**Work item**
Reproduce, exactly and in full, the lines from the one with "double pole adjustable" through the one with "L’atrio illuminato da" in the data below; drop pictures.

··· Records shown ···

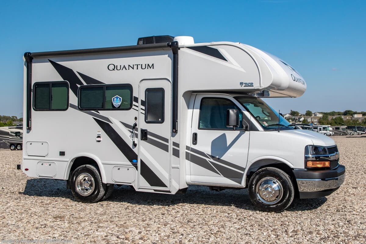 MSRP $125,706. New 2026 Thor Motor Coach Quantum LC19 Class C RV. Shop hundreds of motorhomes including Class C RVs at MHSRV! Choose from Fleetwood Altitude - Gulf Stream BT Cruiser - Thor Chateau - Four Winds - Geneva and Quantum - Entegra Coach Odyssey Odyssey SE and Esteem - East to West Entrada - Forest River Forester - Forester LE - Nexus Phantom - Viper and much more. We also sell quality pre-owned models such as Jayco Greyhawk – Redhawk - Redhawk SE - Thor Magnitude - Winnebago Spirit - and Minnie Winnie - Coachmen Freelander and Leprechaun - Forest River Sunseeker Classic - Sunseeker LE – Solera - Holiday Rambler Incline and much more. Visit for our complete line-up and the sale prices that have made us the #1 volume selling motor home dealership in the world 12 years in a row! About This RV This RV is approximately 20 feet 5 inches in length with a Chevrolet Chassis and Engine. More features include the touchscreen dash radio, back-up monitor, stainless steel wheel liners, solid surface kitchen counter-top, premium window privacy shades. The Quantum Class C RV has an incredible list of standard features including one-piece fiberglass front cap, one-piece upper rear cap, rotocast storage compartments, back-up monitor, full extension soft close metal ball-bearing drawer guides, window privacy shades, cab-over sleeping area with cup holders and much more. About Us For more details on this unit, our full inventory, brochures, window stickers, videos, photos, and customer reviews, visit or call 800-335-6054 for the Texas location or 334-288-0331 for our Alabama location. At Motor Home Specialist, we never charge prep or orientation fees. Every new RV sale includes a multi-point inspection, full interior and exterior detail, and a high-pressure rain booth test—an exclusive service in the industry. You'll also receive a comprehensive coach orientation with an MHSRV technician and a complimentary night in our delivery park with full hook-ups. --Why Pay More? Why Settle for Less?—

···
··· Records shown ···

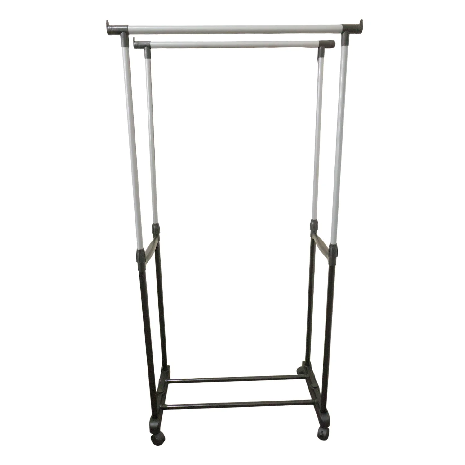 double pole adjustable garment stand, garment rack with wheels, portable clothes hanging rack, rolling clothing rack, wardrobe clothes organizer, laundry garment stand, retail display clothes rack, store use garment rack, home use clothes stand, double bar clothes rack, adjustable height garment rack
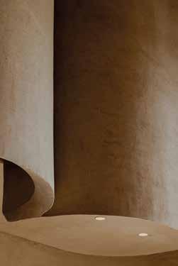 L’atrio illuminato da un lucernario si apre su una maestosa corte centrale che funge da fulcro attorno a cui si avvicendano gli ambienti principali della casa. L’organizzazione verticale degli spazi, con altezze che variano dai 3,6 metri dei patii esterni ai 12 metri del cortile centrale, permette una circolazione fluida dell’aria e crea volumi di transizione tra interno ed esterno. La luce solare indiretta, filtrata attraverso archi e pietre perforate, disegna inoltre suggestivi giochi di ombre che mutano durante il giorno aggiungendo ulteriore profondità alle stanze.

···
··· Records shown ···

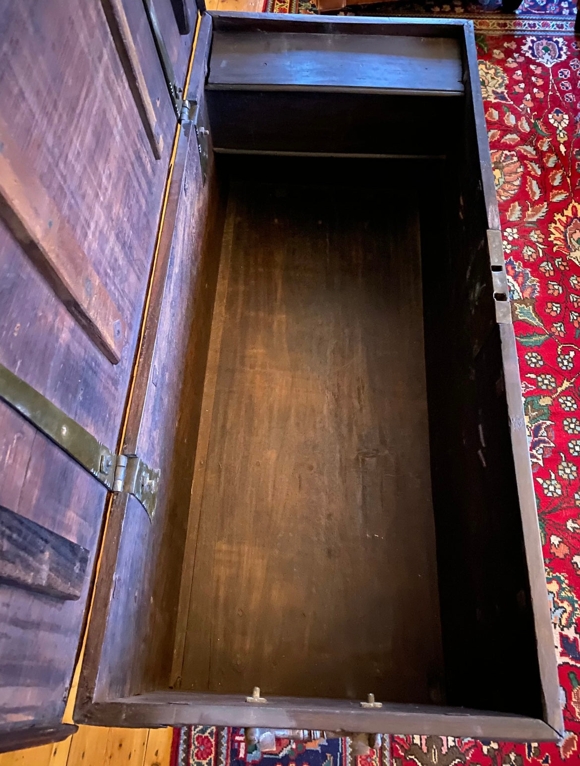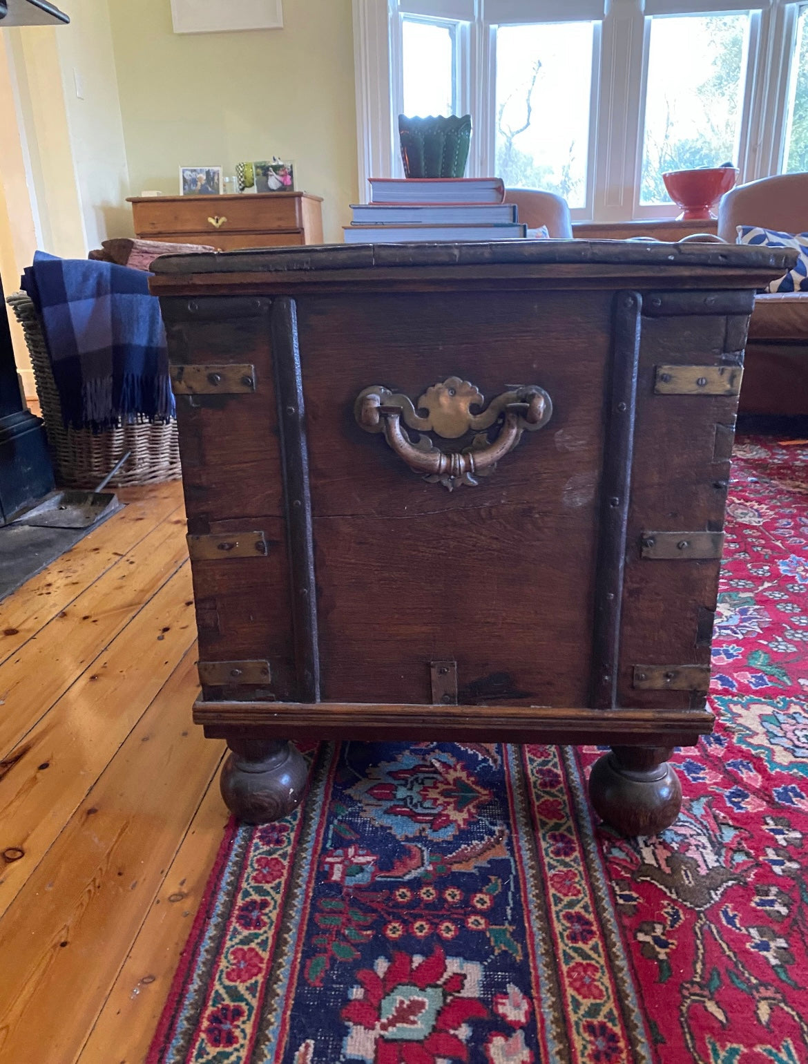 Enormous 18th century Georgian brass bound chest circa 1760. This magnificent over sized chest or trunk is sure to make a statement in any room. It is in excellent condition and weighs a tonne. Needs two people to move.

···

**Task solution**
 double pole adjustable garment stand, garment rack with wheels, portable clothes hanging rack, rolling clothing rack, wardrobe clothes organizer, laundry garment stand, retail display clothes rack, store use garment rack, home use clothes stand, double bar clothes rack, adjustable height garment rack
 L’atrio illuminato da un lucernario si apre su una maestosa corte centrale che funge da fulcro attorno a cui si avvicendano gli ambienti principali della casa. L’organizzazione verticale degli spazi, con altezze che variano dai 3,6 metri dei patii esterni ai 12 metri del cortile centrale, permette una circolazione fluida dell’aria e crea volumi di transizione tra interno ed esterno. La luce solare indiretta, filtrata attraverso archi e pietre perforate, disegna inoltre suggestivi giochi di ombre che mutano durante il giorno aggiungendo ulteriore profondità alle stanze.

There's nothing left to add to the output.